Comecei minha carreira no Figueirense, subi da categoria de base para o principal, fiz poucos jogos. Depois fui emprestado ao Linense, fiz um 2015 bom, joguei no Braga, de Portugal, voltei e acabei indo para Ponte Preta. Na época o Botafogo e o Santos também queriam minha contratação. Optei pela Ponte. Não foi má escolha, a vida é feita de escolhas, foi uma escolha certa e deslanchei lá... Eu saí de casa muito cedo para fazer testes no Figueirense. Tive chance de passar e logo cedo comecei minha carreira. Minha estrutura familiar é a mesma de muitos jogadores de futebol. Família humilde, mas que sempre foi dependente apenas dela mesmo. Meu pai trabalhava, me sustentava, tínhamos o que precisávamos para viver naquele momento. Éramos muito felizes assim. Fico feliz hoje de dar algo mais para eles. Vivemos para isso, para dar isso aos nossos familiares. Meu pai ainda trabalha, minha mãe é dona de casa (moram em Florianópolis), cuida de meus irmãos (Pottker é o segundo de sete irmãos)...

UOL: A saída do Figueirense foi complicada, certo? Você falou isso depois do jogo contra eles pela Série B...
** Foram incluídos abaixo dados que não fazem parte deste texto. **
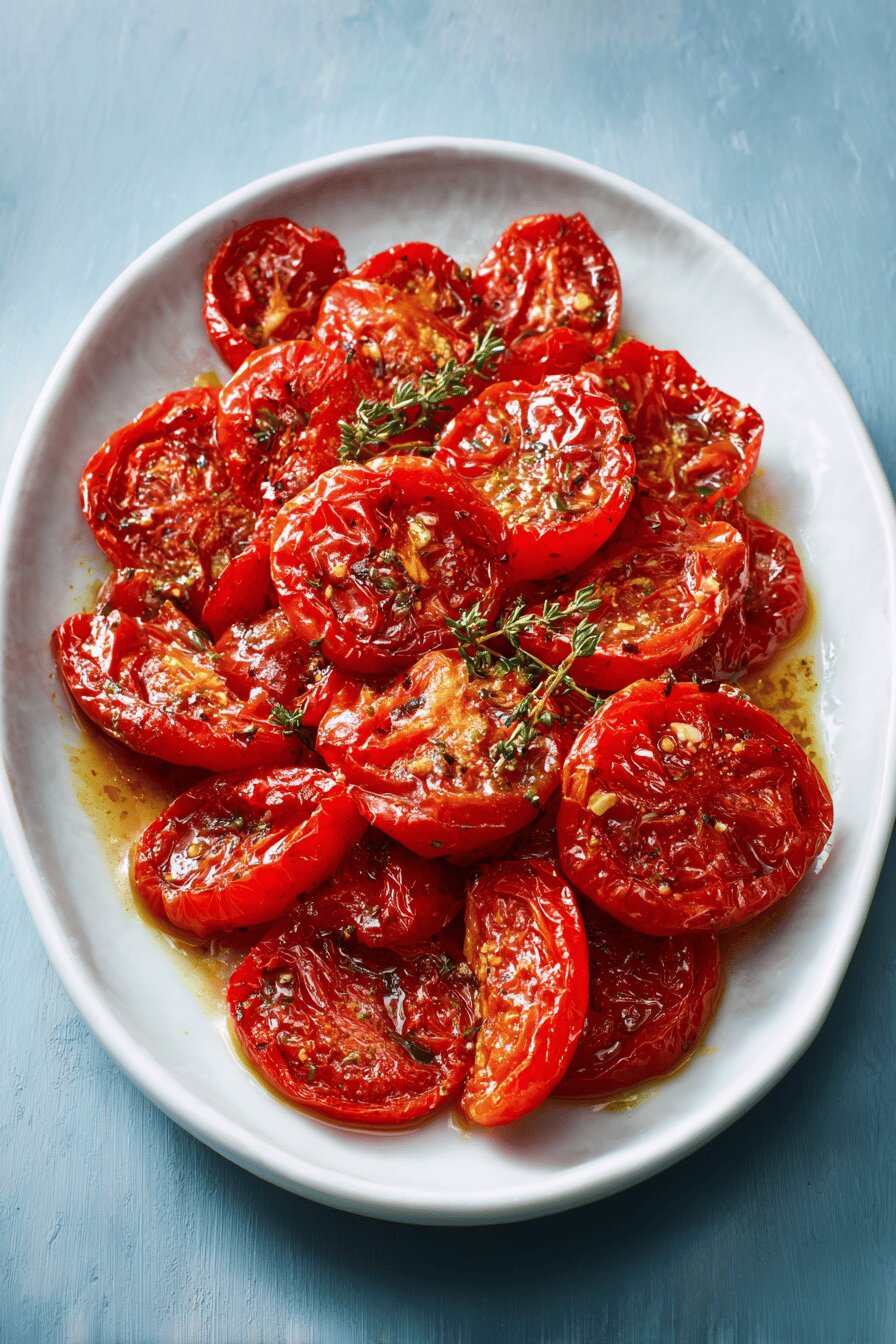Canned tomatoes don’t have to be soggy, bland blobs you throw into sauce to mask their flaws. Slow roasting turns them into jewel-toned bites bursting with concentrated sweetness and just a hint of caramel. No frantic cooking, no high heat that blasts moisture and breaks skins. Time and low temper. That’s the secret. You’ll spot it in the shrinking skins, slight golden spots appearing–signals you’re on the right track. The smell, too, tells you the truth. Confiting means partial dehydration and flavor concentration in gentle oil bath but done in oven, you get dry caramel notes rather than greasy softness. The garlic slices and thyme wedged between add layers. Simple tweak: walnut oil instead of olive for earthier shorter chain fatty acids and subtle nuttiness, little-known powerhouse pairing with tomato acidity. Hold the juice for soups or risotto; skinny tomatoes bake sweet, but the leftover liquor still packs punch, not to waste it. Mind the residual water; blotting payoffs dividends in texture and flavors that cling. Ideas expand: thread into sandwiches, toss with cold beans, scatter on cheesy croquettes. Versatile, forgiving technique useful all year, practical when fresh fruit fades. Kitchen-tested, zero guesswork.

Passei momentos bons e ruins no Figueirense. Quando assumiu o Wilfredo (Brillinger, ex-presidente), tive dificuldades. Eles me colocavam para treinar separado, e mesmo muito novo, com 18 anos, me deixavam sem salário. Acabei passando dificuldades. Continuei trabalhando nas condições que me proporcionavam. Não reclamava de nada, só pedia para me arrumarem clube. Eu e meu empresário é que sempre acabávamos arrumando. São estas coisas que aconteceram... Daí, quando fui bem no Linense, me reconheceram. Queriam que eu ficasse, mas bati o pé para ir para Ponte Preta. Não queria ficar porque não tinham reconhecido o que eu tinha feito até aquele momento, depois queriam que eu ficasse. O clima lá não estava bom entre nós e era melhor eu sair. Saí pela porta de trás, como se diz, muitos me viram como um cara que não olhava para o prato que comeu. E pelo contrário. Eu tenho um respeito imenso pelo Figueirense. Não fosse ele, não estaria aqui hoje. Um carinho imenso pela instituição, pela torcida, mas como eu falei, não posso admirar as pessoas, só a instituição.